*REQUIREMENT*
Give back exactly the line containing "Po otwarciu okna" and all that follow it in the data below, with the pictures left out.

*MATERIAL FOR THIS TASK*
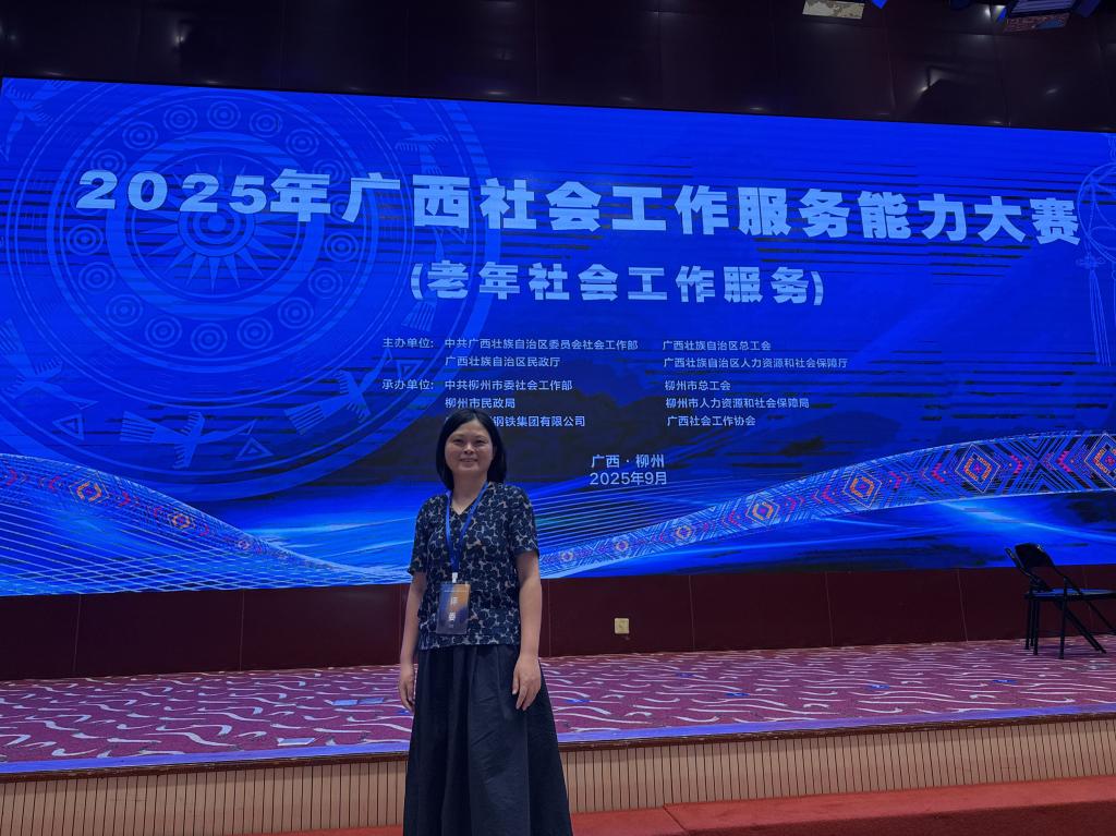受广西壮族自治区党委社会工作部邀请,2025年9月11日至13日,我院社会工作专业教师前往柳州市担任首届广西社会工作服务能力大赛评委。广西社会工作服务能力大赛是广西壮族自治区党委社会工作部、自治区总工会、自治区民政厅、自治区人力资源社会保障厅等四部门联合主办的赛事。此次比赛分为老年社会工作、儿童社会工作、新就业群体社会工作三个赛道。谢敏老师担任老年社会工作赛道评委,针对参赛队伍的项目设计书、项目展示和情境演示进行了专业评价,与众多工作人员一起助力大赛圆满完成。
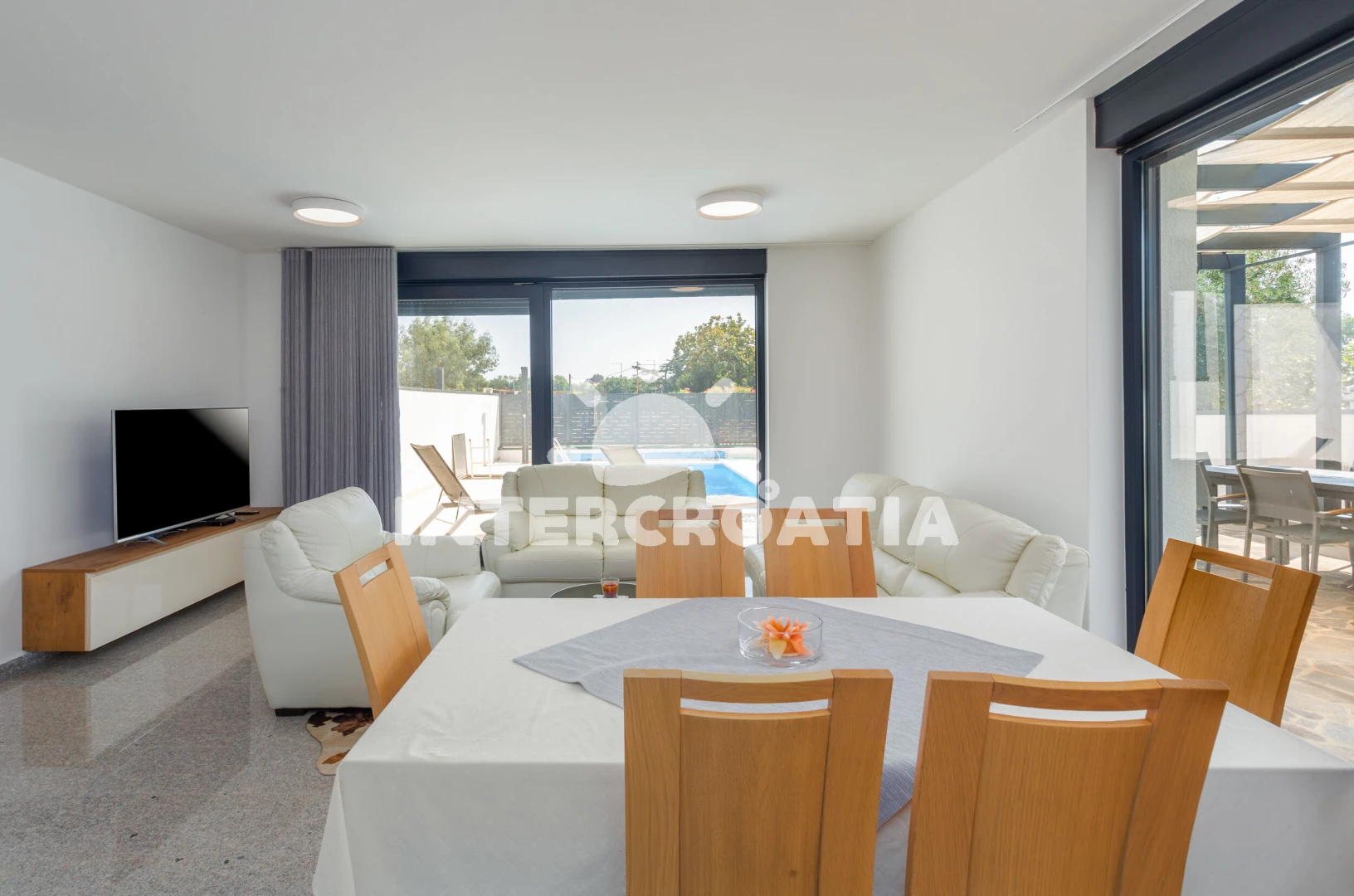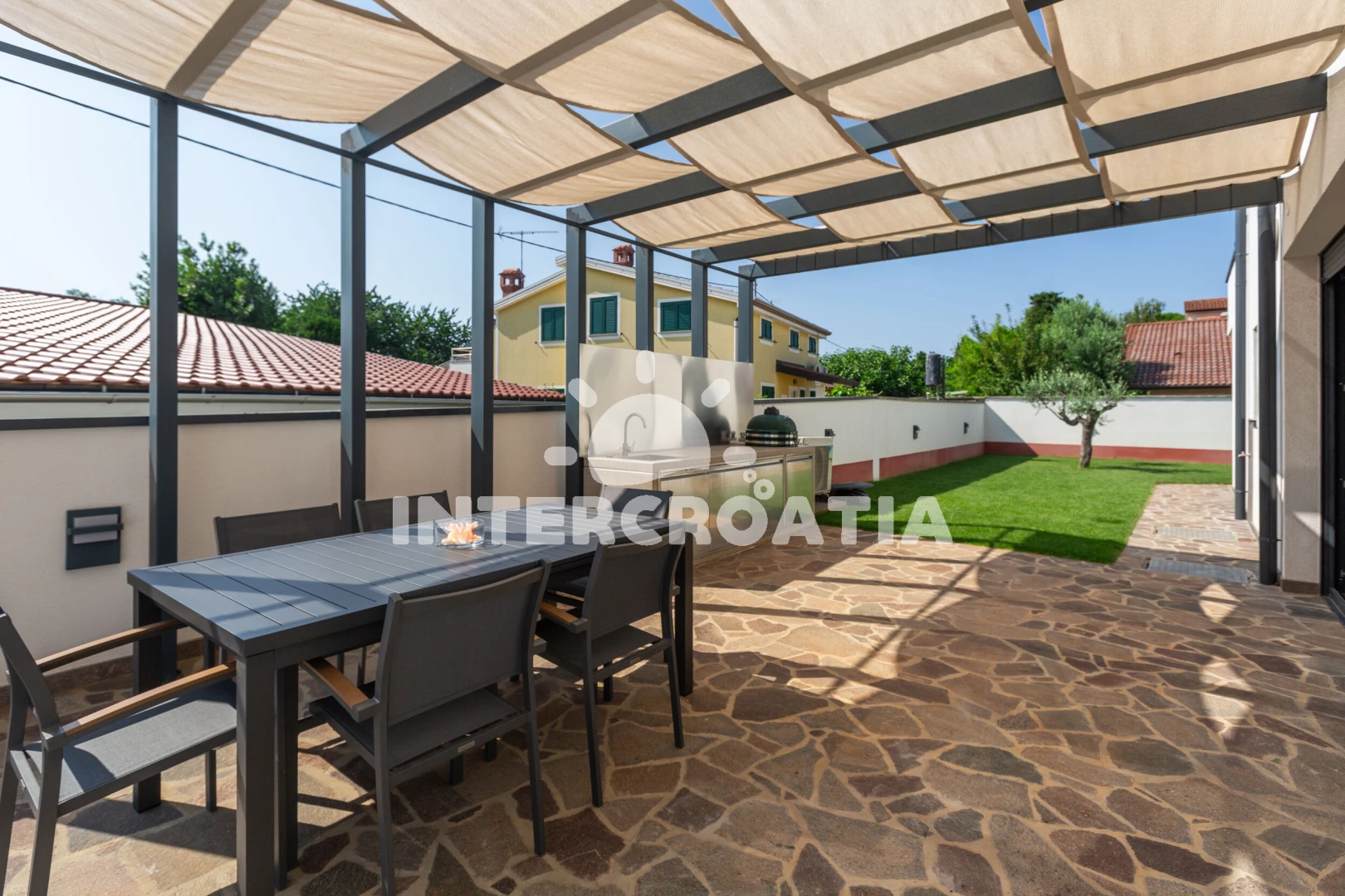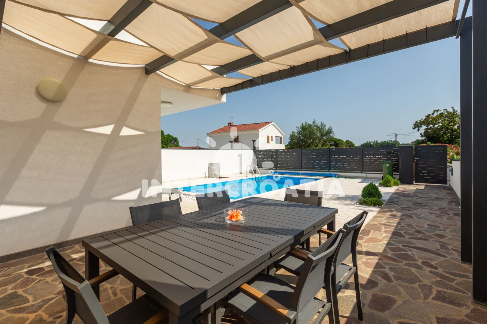Vila se nachází 100 m od moře a pláže. Pláž je písčitá, skalnatá, oblázková, větší kamení a betonové desky. Vila disponuje bazénem s lehátky pro ubytované hosty. U objektu je k dispozici společná zahrada s posezením a grilem.
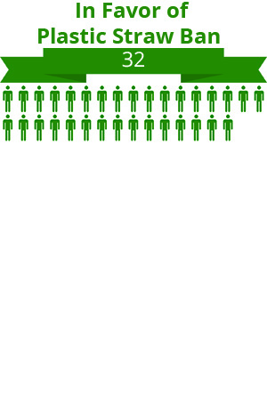 Yes: 32 people were in favor of banning plastic straws unless a customers specifically requests one.
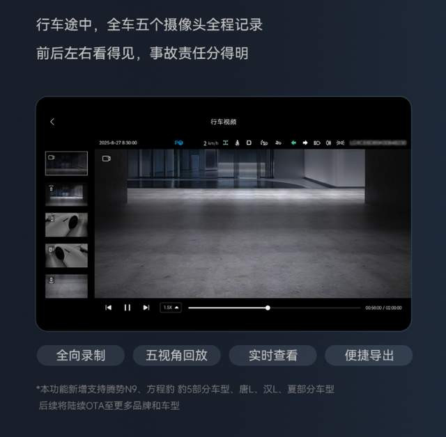 全向行车记录仪是安全领域的重要突破,提供主视角与前后左右环视五视角录制回放功能。变道时左右视角监控盲区,路口转弯记录两侧行人,事故后多角度视频为责任认定提供铁证,相比传统单视角记录仪,实现从被动记录到主动防护的转变,目前已覆盖腾势 N9、唐 L 等多款车型。
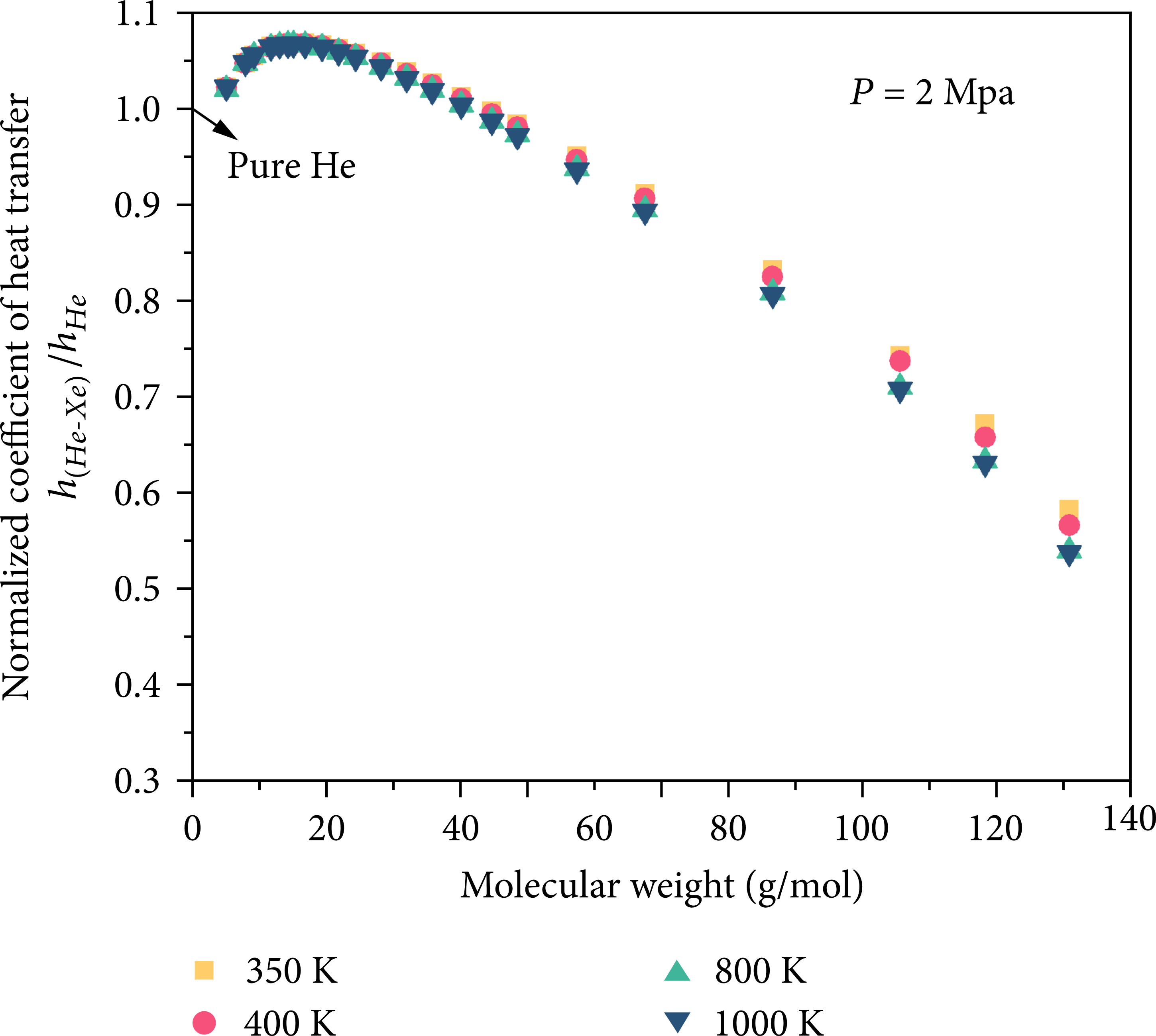 The influence of the molar mass of the mixture on its relative convective heat transfer coefficient at different temperatures and pressures. One can see that temperature and pressure have little influence on the relative convective heat transfer coefficient. When mHe-Xe is 15 g/mol, the heat transfer coefficient of the gas mixtures is 6.3% higher than pure He. A higher heat transfer efficiency can be achieved by choosing a medium with a higher heat transfer coefficient. Therefore, we choose He-Xe at 15 g/mol as the medium.
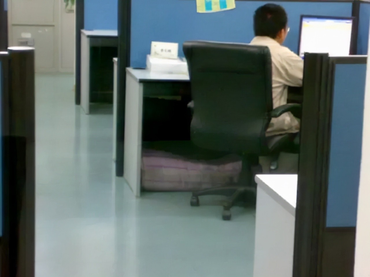 还有的员工把折叠床垫带到办公室,方便加班。这就是华为的床垫文化。
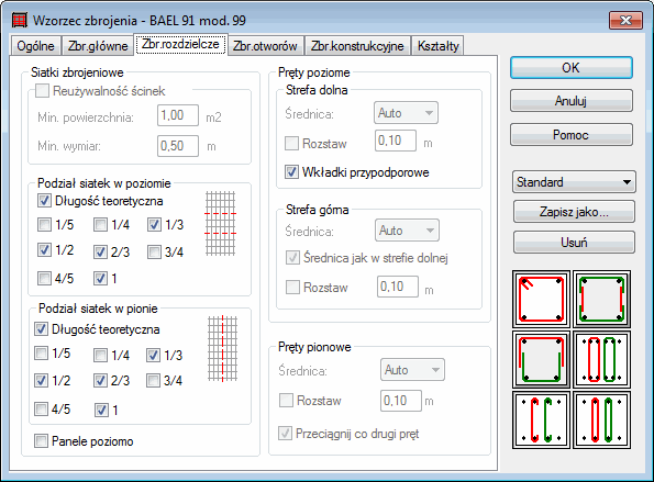 Po otwarciu okna dialogowego Wzorzec zbrojenia i wyborze karty Zbrojenie rozdzielcze na ekranie pojawia się pokazane poniżej okno.
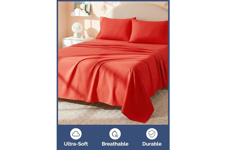 RED FULL SIZE BED SHEET SET FOR KIDS: CGK kids sheets make it easy to refresh your child’s room with cheerful, bold solid shades. Your little one gets a fun color they’ll love, and you get a clean, classic look that matches anything.

*RESPONSE AREA*
 Po otwarciu okna dialogowego Wzorzec zbrojenia i wyborze karty Zbrojenie rozdzielcze na ekranie pojawia się pokazane poniżej okno.
 RED FULL SIZE BED SHEET SET FOR KIDS: CGK kids sheets make it easy to refresh your child’s room with cheerful, bold solid shades. Your little one gets a fun color they’ll love, and you get a clean, classic look that matches anything.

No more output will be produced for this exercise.